Content starts
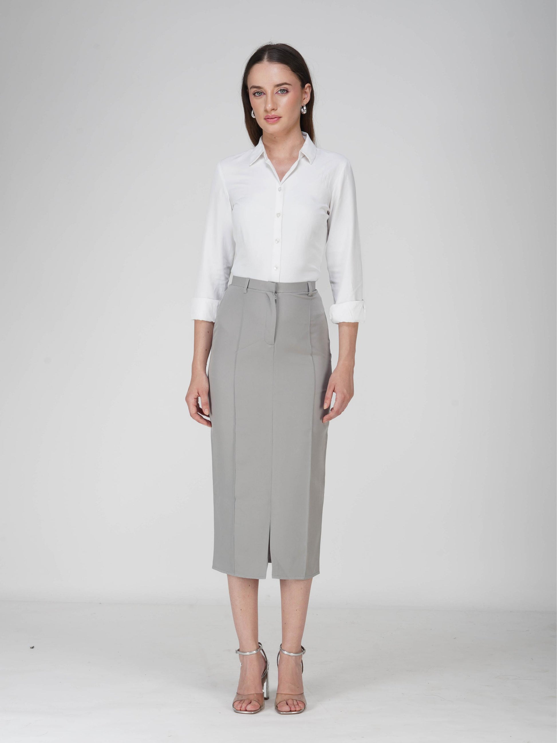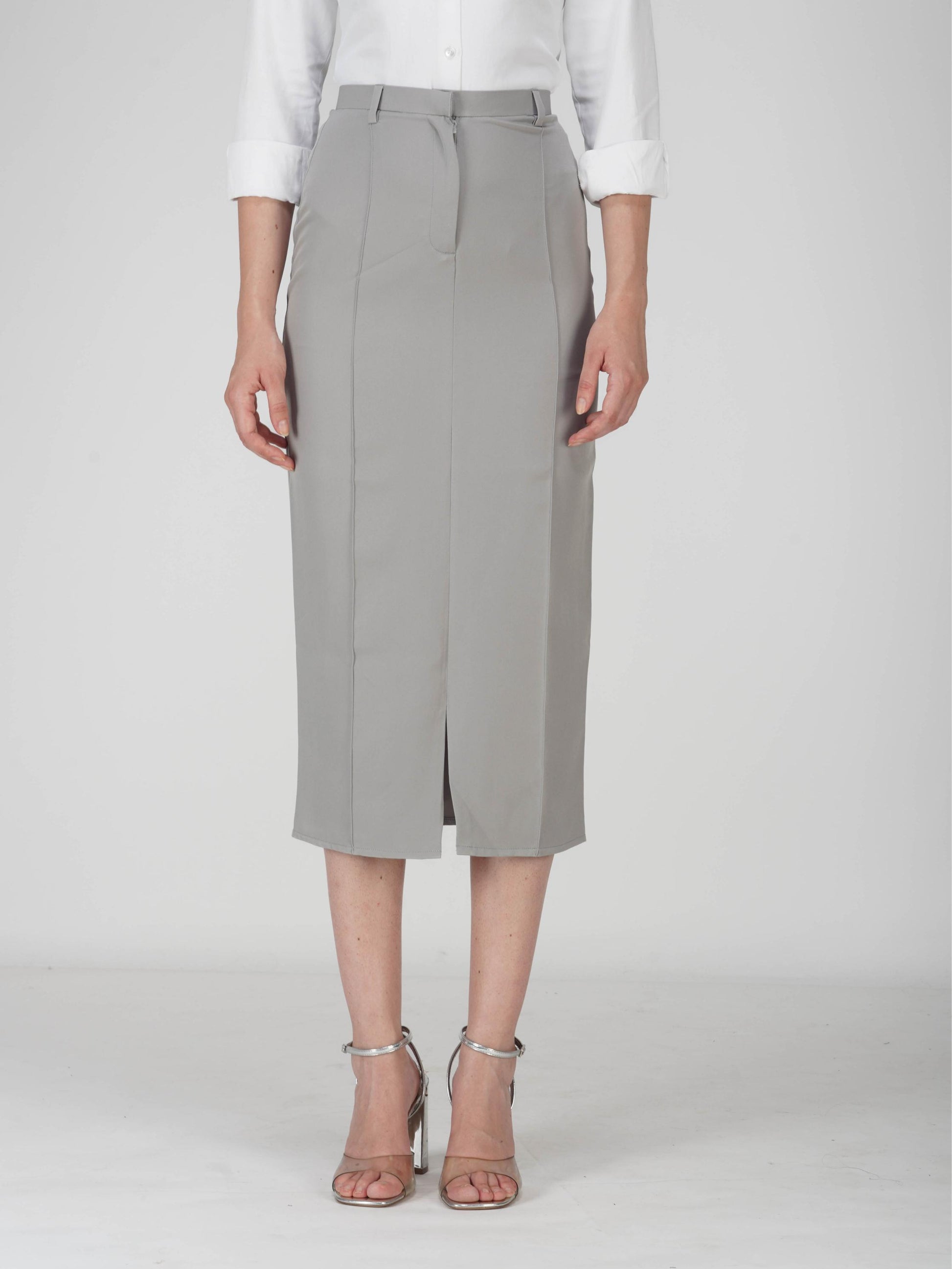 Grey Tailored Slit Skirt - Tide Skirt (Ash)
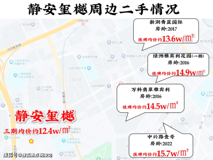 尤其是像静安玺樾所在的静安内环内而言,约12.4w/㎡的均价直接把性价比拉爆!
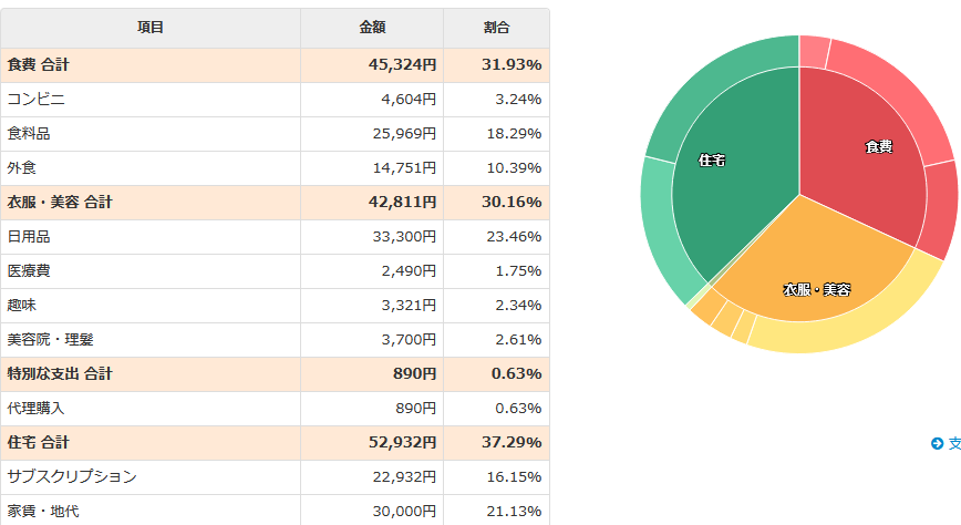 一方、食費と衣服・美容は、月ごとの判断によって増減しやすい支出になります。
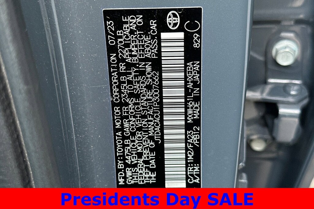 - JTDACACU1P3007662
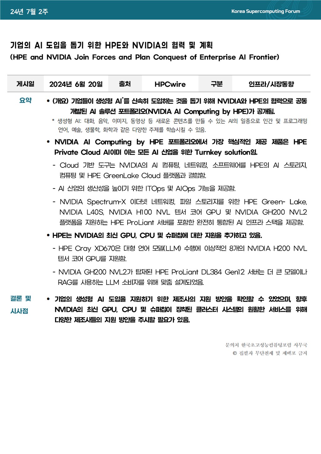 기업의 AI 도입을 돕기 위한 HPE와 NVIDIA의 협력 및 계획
Content ends
Exercise requirements:
One exact copy of the data, no pictures: write it out line for line.

Answer section:
 Grey Tailored Slit Skirt - Tide Skirt (Ash)
 尤其是像静安玺樾所在的静安内环内而言,约12.4w/㎡的均价直接把性价比拉爆!
 一方、食費と衣服・美容は、月ごとの判断によって増減しやすい支出になります。
 - JTDACACU1P3007662
 기업의 AI 도입을 돕기 위한 HPE와 NVIDIA의 협력 및 계획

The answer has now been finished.